> Required work
One number is the whole answer: how many lines of the material hold "board".
[[ Data, beginning ]]
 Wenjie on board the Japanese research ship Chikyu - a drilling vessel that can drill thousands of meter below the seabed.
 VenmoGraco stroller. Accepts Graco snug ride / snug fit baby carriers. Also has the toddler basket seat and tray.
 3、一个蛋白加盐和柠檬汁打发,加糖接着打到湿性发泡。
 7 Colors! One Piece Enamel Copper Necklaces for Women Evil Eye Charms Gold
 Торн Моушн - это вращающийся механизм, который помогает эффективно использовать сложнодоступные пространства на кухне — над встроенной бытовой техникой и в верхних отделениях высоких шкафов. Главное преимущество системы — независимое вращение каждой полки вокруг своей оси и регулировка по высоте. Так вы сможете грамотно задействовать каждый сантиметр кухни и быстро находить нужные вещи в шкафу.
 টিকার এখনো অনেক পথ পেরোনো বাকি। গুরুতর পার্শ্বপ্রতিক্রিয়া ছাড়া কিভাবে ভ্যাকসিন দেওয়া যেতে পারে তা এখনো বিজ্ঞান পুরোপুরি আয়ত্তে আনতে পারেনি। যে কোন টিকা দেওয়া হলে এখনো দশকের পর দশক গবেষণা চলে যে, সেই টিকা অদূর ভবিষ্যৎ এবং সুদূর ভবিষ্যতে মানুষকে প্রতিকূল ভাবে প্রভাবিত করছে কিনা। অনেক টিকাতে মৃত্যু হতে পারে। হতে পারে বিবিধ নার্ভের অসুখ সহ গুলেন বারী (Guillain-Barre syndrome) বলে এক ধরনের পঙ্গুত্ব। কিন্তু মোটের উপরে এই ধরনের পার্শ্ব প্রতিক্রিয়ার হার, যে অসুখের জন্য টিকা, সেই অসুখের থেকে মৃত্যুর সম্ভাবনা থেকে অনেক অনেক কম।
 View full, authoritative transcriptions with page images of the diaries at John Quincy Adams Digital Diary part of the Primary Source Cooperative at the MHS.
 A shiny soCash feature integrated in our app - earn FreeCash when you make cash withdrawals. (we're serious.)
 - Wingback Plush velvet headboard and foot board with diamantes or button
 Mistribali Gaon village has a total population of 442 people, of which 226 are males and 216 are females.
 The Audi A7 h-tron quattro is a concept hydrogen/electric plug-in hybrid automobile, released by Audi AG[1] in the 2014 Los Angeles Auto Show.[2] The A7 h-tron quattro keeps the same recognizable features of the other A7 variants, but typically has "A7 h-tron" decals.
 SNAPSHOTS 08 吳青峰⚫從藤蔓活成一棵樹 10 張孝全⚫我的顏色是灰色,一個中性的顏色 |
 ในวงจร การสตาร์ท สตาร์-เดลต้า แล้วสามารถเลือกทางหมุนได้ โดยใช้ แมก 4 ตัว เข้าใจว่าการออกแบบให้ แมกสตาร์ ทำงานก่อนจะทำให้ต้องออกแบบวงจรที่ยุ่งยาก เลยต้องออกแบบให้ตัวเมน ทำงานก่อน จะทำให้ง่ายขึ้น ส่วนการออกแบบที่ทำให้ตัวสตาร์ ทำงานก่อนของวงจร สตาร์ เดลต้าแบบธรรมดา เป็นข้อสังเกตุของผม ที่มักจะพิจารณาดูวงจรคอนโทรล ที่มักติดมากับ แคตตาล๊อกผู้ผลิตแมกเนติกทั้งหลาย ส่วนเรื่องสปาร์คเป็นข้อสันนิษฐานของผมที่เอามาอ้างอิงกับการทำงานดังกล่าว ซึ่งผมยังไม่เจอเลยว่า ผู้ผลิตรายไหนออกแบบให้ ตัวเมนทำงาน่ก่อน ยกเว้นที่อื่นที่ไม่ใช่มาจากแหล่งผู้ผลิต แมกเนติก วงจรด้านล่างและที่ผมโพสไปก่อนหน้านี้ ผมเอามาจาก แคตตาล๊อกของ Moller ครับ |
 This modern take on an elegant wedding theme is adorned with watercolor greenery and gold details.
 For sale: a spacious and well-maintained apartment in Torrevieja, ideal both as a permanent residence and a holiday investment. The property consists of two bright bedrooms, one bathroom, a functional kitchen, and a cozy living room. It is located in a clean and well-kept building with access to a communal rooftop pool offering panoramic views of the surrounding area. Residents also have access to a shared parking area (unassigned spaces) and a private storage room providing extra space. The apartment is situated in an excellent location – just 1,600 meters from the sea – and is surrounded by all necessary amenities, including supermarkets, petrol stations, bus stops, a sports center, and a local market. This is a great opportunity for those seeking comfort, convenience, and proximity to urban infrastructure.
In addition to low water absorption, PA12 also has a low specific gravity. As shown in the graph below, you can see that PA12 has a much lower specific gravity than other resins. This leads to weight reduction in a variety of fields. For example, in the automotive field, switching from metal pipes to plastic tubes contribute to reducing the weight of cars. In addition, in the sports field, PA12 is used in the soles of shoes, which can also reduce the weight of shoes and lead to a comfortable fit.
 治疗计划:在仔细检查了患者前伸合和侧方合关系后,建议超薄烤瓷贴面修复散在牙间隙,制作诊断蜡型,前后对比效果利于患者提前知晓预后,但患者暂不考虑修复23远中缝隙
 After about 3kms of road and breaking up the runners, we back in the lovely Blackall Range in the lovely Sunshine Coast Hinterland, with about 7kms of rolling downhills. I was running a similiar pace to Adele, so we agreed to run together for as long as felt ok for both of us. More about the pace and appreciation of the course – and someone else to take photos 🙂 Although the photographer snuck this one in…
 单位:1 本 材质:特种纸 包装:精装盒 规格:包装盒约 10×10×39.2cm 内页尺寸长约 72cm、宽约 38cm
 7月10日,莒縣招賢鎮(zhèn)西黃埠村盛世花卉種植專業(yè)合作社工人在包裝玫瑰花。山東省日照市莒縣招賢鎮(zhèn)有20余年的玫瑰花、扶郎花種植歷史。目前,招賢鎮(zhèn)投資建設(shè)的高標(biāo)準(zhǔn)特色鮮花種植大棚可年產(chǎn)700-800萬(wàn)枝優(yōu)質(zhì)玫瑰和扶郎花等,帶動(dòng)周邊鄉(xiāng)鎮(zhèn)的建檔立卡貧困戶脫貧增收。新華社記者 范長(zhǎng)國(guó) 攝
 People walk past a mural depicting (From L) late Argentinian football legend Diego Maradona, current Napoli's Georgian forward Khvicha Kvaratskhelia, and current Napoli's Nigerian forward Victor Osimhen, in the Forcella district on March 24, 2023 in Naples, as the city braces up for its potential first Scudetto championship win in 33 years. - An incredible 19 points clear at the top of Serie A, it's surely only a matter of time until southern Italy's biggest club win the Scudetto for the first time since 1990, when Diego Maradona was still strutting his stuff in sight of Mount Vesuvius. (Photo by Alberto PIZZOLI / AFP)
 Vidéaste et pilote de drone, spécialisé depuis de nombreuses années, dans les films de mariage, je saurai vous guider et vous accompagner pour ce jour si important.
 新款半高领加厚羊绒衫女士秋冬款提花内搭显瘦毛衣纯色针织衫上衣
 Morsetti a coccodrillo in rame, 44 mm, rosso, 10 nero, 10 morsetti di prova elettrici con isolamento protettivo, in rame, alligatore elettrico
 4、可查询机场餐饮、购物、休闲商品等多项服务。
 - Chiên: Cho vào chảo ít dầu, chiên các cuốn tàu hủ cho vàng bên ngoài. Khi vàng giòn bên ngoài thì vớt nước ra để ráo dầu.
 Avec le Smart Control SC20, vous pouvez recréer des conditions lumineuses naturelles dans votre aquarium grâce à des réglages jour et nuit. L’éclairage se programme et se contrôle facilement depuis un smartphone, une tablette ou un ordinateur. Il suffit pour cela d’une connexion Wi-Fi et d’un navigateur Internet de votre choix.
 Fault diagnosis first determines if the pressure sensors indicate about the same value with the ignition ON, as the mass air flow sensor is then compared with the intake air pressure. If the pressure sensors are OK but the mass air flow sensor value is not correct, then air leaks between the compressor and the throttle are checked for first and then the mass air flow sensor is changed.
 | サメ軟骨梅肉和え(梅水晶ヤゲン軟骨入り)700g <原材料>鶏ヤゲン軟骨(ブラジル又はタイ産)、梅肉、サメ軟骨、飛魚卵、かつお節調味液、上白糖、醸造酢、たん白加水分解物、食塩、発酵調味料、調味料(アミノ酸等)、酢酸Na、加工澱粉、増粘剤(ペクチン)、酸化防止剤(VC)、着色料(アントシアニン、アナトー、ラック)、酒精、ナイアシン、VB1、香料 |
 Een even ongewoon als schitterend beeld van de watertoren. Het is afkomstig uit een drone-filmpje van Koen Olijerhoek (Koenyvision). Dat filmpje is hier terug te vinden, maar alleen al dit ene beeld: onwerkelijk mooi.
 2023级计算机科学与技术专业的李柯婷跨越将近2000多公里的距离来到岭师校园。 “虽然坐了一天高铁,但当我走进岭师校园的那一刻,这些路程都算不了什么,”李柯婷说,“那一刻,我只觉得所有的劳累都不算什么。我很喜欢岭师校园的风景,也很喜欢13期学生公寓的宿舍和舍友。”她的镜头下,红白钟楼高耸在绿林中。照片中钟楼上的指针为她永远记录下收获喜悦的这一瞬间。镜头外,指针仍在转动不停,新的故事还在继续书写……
[[ Data, end ]]
> Output
2